- Portrayed by: Laurie Foell
- Duration: 2004–2005
- First appearance: 9 August 2004
- Last appearance: 29 June 2005
- Introduced by: Julie McGuaran

= Josie Russell (Home and Away) =

Jacinta "Josie" Russell is a fictional character on the Australian soap opera Home and Away, portrayed by actress Laurie Foell. She first appeared on 9 August 2004 and departed on 29 June 2005. Foell previously starred in the serial as Kelly McCane in 1999 and Josie's cousin Angie Russell in 2002.

Josie's storylines include meeting and forging a relationship with her cousin's daughter Tasha Andrews (Isabel Lucas), Becoming involved with Jesse McGregor (Ben Unwin), having an affair with ex-boyfriend Marc Edwards (Christopher Hobbs), having the circumstances of a client's death being revealed and almost being murdered by Brett Macklin (Gerry Sont).

==Development==
Two years after departing the serial as Angie Russell, Foell rejoined the cast in 2004 to play Angie's identical cousin, Josie. Comparing the characters, Foell said "Angie was quite cold, whereas Josie is much warmer. She's a survivor who has been around the block a few times, but she's fair."

==Storylines==
Josie appears when Irene Roberts (Lynne McGranger) and Dylan Russell (Brett Hicks-Maitland) track her down at her brothel in the city. Due to her profession, Irene wants Josie to keep her distance from Tasha Andrews (Isabel Lucas), the daughter of Josie's cousin, Angie. Josie's uncanny identical appearance to Angie causes a stir when she arrives in Summer Bay to connect with Tasha. Tasha gets along well with Josie but Irene is against her being in Tasha's life.

Josie settles into Summer Bay and donates $2000 to the school and invests in the surf club and suggests naming a new bar "Noah's" - in honour of the recently murdered Noah Lawson (Beau Brady). Tasha's friends Sally Fletcher (Kate Ritchie) and Flynn Saunders (Joel McIlroy) are suspicious and accuse Josie of wanting Tasha's inheritance. Irene enlists the help of Morag Bellingham (Cornelia Frances) for legal advice when Josie applies for guardianship of Tasha.

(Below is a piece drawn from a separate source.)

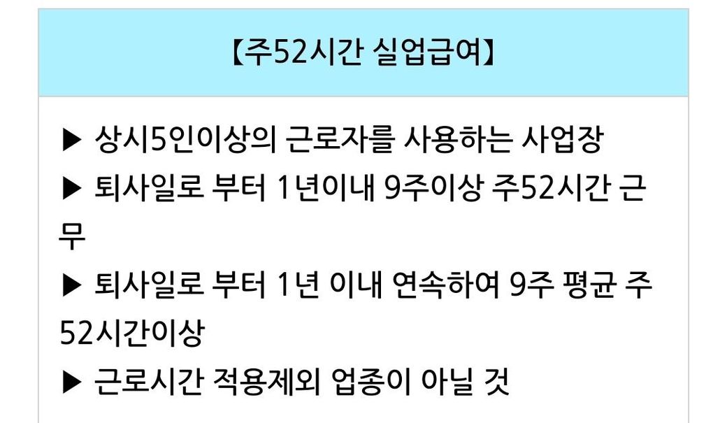 주 52시간 초과근무 퇴사시 실업급여 조건이 어떻게되나요?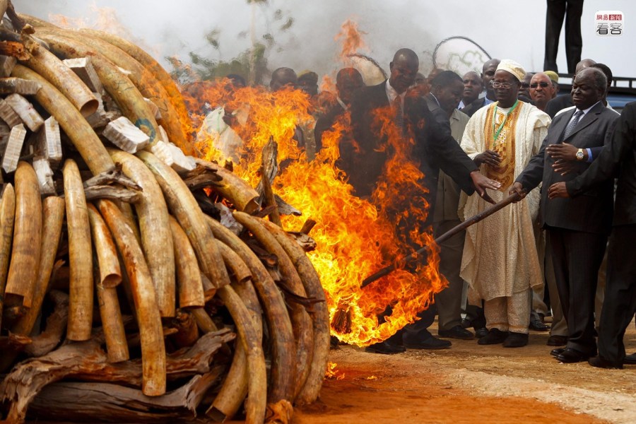 2013年11月,非洲野生動(dòng)物基金會(huì)發(fā)布一項(xiàng)聲明,號(hào)召各國(guó)銷毀庫(kù)存象牙并禁止一切國(guó)內(nèi)象牙貿(mào)易,稱打擊非法象牙唯一有效的方法是消除市場(chǎng)需求。圖為2011年7月20日,肯尼亞,在察沃國(guó)家公園,肯尼亞總統(tǒng)吉巴和隨行人員一起將一堆非法獵取的象牙點(diǎn)燃,以示對(duì)違法狩獵和非法象牙貿(mào)易的打擊決心。CFP

Josie withdraws after Morag discovers a secret from her past. She then assists for Ian Osbourne (Andrew McFarlane), Tasha's biological father and his assistant Stafford McRae (Rohan Nichol) to plant surveillance cameras in the beach house, in order for Ian to keep an eye on Tasha. The cameras are soon exposed and Ian withdraws.

Josie begins a relationship with business partner Jesse McGregor (Ben Unwin) but gets cold feet when he professes his love for her and she breaks up with him as a result. Tasha concocts a scheme to get them back together by pretending to break up with her boyfriend Robbie Hunter (Jason Smith). The plan works and Josie and Jesse reunite. Josie later comforts Tasha when Ian rejects her in an act to prevent her becoming like his other children. Marc Edwards (Christopher Hobbs), Josie's ex-boyfriend arrives in Summer Bay. Although, she is now with Jesse, the two sleep together and Josie regrets it. Marc's continual presence in Summer Bay uneases her and matters escalate when he begins blackmailing her for money over her secret, the suspicious death of one of her clients. Josie reluctantly accepts Jesse's proposal of marriage and they are ready to marry but Marc presents Jesse with the video footage of him and Josie together and Jesse exposes the affair to the congregation and leaves town for several days. Following Marc's arrest as a suspect of being the Summer Bay Stalker, he is bailed and harasses Josie at a murder mystery party, where ironically he is murdered by Eve Jacobsen (Emily Perry), the real stalker. Josie is a suspect but is later cleared. She then leaves town and asks Tasha to leave with her but she declines.

Josie returns a few weeks later, having gone into business with Brett Macklin (Gerry Sont). She soon discovers Brett is responsible for illegally dumping waste and relays the information to Stafford and arranges to meet him to organise a plan to bring Brett down, However, Stafford does not turn up and Brett arrives in his place and tries to kill her by pushing her off a cliff but is foiled and arrested. Josie has a short entanglement with Scott Hunter (Kip Gamblin) but it fizzles out and she decides to leave the bay once more and settles in Boston, Massachusetts. The following year, Josie invites Tasha, Robbie and their daughter Ella to join her over there.

==Reception==
Roz Laws of the Sunday Mercury observed "Josie, the scarily-lookalike sister of Angie, has been in Home And Away for only five minutes but has certainly made her mark.". A writer from What's On TV described her as "twisted", and stated that Foell caused trouble twice in the show in both her roles as Angie and Josie. An Inside Soap reporter branded Josie's arrival played by Foell a "bonkers - but nonetheless brilliant" storyline.